Sansür yok, klişe yok: Deadpool'un sansürsüz Türkçe dublajının perde arkası
Röportaj: Sevim Gözay @SevimGozay
Bugünkü sinema arkadaşım, vizyondaki anti süper kahraman Deadpool’u seslendiren Harun Can. X-Men serisinden çıkan Marvel karakterinin bu ilk filmi, adına açılan #DeadpoolSansürsüzOlsun kampanyası neticesinde sansürsüz bir Türkçe dublajla vizyona girdi. Harun Can’la buluşma fikrim de böyle doğdu. “Lanet olsun”, Canın cehenneme”, Senin derdin ne adamım” gibi dublaj klişelerinin hiçbiri yok bu filmde. Seslendirme sanatçısı, oyuncu ve müzisyen Harun Can 30 yıllık kariyerinde sayısız film, dizi ve reklam seslendirdi. Ve diyor ki, “Hayatımda ilk kez küfürlerden küfür beğendim bu filmde”. Harun’un bir özelliği de çok genç bir fan kitlesine sahip olması. Yani 15 yaş civarı gençler seslendirmeci takip ediyor, ismini bilmekle kalmayıp onu fiziken tanıyor ve gördüğü yerde yanına koşuyor. Çok acayip! İyi ki seyircili izledik, genç sinemaseverleri farklı bir açıdan tanıma fırsatı oldu bu benim için.
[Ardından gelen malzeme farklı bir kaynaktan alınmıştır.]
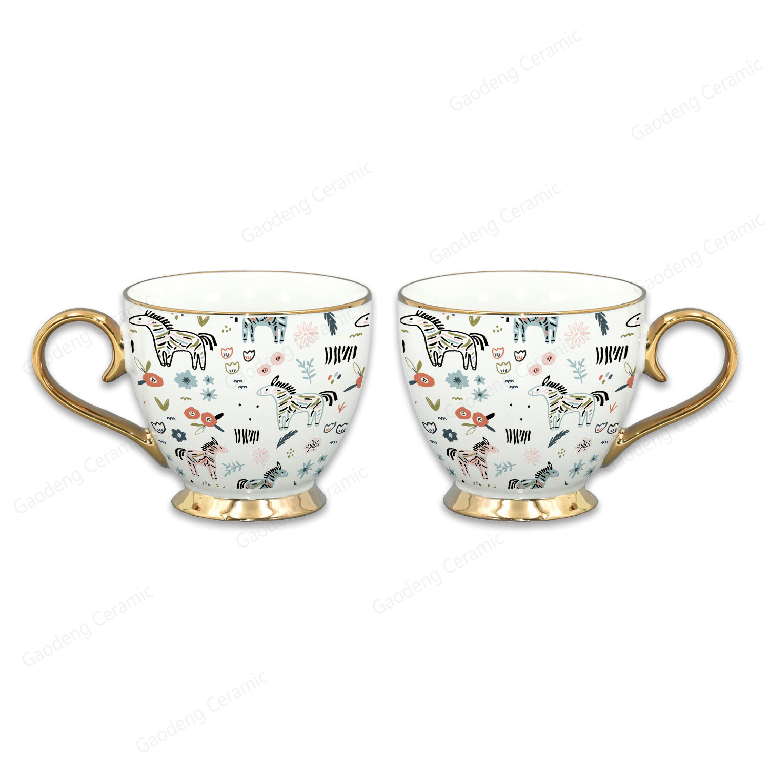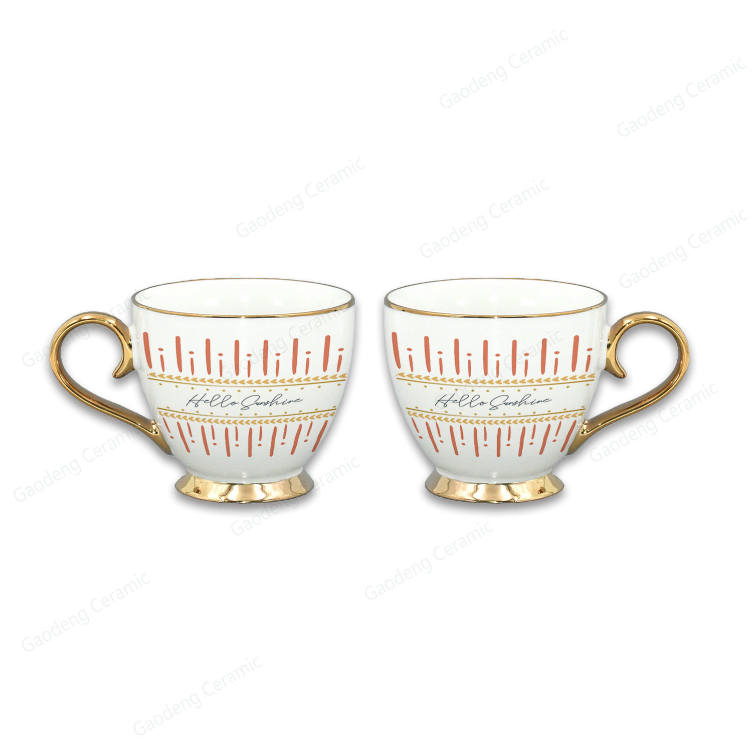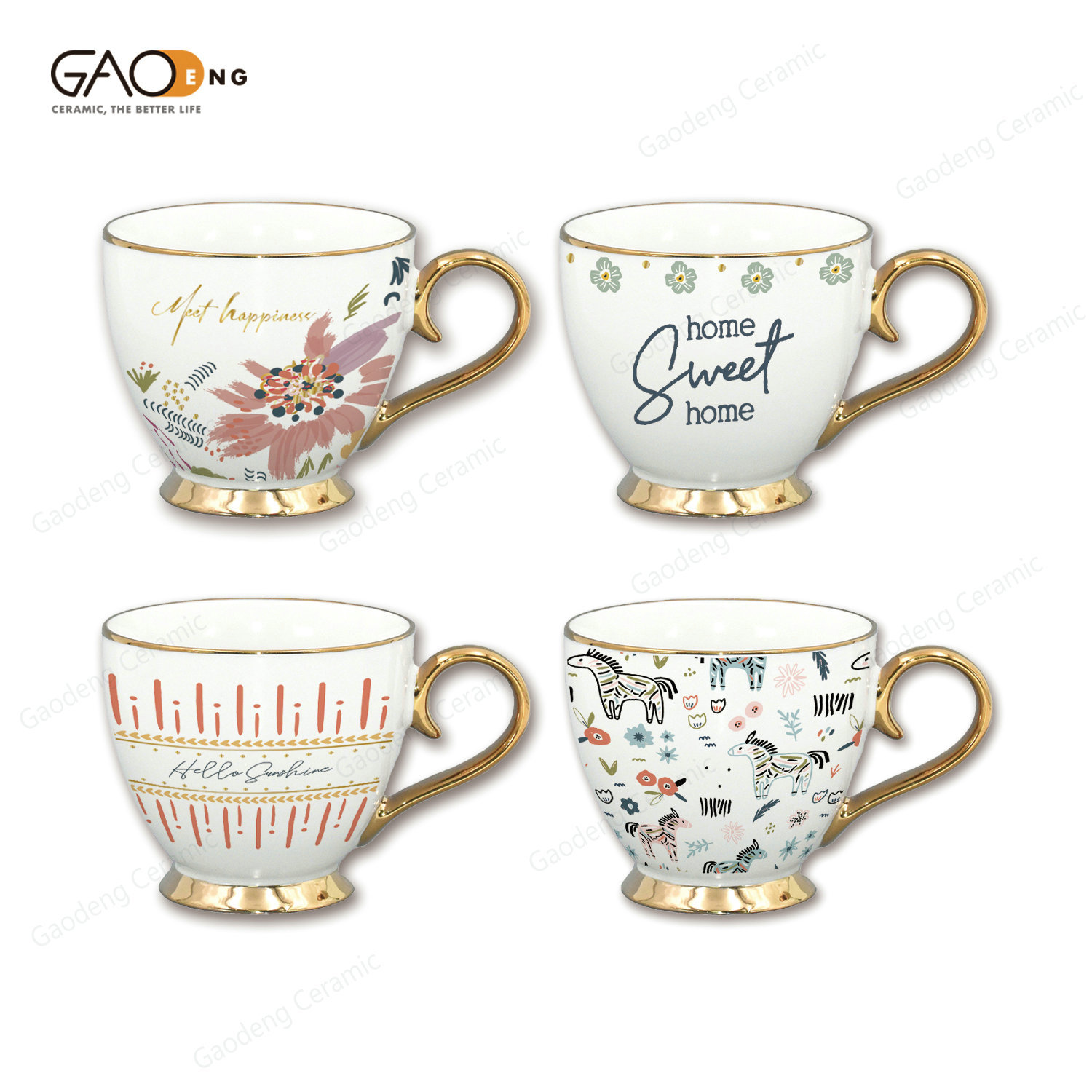 轻奢创意镀金手柄金色口边陶瓷挖角杯潮流情侣咖啡杯可定制LOGO

Ama kolay olmadı, yetiştiğimiz seans dolu olduğu için bir sonrakine bilet bulabildik ancak. Filmi beklerken başladık böylece sohbete, işte kayıt!
“FİLMDEKİ ESPRİLERİN HEMEN HEPSİ İÇİN 4-5 FARKLI VERSİYON YAPTIK, HAYATIMDA İLK DEFA KÜFÜRLERDEN KÜFÜR BEĞENDİM”
Uzun yıllardır seslendirme yapıyorsun Harun, şunu merak ediyorum; çeviri metni sonucu ne kadar etkiliyor? Seslendirme yönetmeni ne kadar etkiliyor? Mikrofon önü ne kadar etkiliyor?
Sorunun cevabı hazır olarak yok kafamda, çünkü daha önce kimse sormadı bunu! Sorman enteresan, çünkü bu üç bileşen çok kritik. Televizyonda değilse de sinema işlerinde çok özenli çalışılıyor, bunu söylemek isterim önce. Hatta sinema işlerinde bu ülkedeki kadar özenli çalışılan bir lokalizasyon bölgesi olduğunu sanmıyorum. Yaptığımız bütün işlerde yapımcı firmadan teşekkür mesajı alıyoruz. Sinema dublajı yapılmış bir filmde hata gerçekten çok düşüktür ve ince çalışılmıştır.
İyi bir film çevirisi nasıldır?
Filmi çeviren kişinin o ülkenin kültür yapısına hakim olması gerekir bir kere, artı dramaturji bilmesi gerekir. Ne yazık ki Türkiye’de bu konuda yetişmiş çok az çevirmen var. Ben yıllar içinde sokak İngilizcesine, slang’e (argoya) hâkim olmak durumunda kaldım, yeri geliyor simultane çevirmek durumunda kalıyorum çünkü.
Metnin dışına çıkıyorsun?
Hemen hiç bağlı kalmıyorum açık söylemek gerekirse. Sayfaya bakarım, yazan her şeyi okurum, sonra gözümü ekrandan hiç ayırmadan ona uygun, doğaçlama ve ağıza oturan bir şey yaparım. Esprilerin çoğunu yerelleştiririm, karaktere uygun Türkçe bir karakter yaratırım yeniden ve onu onun üzerine giydiririm. Benim çalışma biçimim budur.
Bir virtiözlük bu anlattığın, herkes böyle değildir herhalde?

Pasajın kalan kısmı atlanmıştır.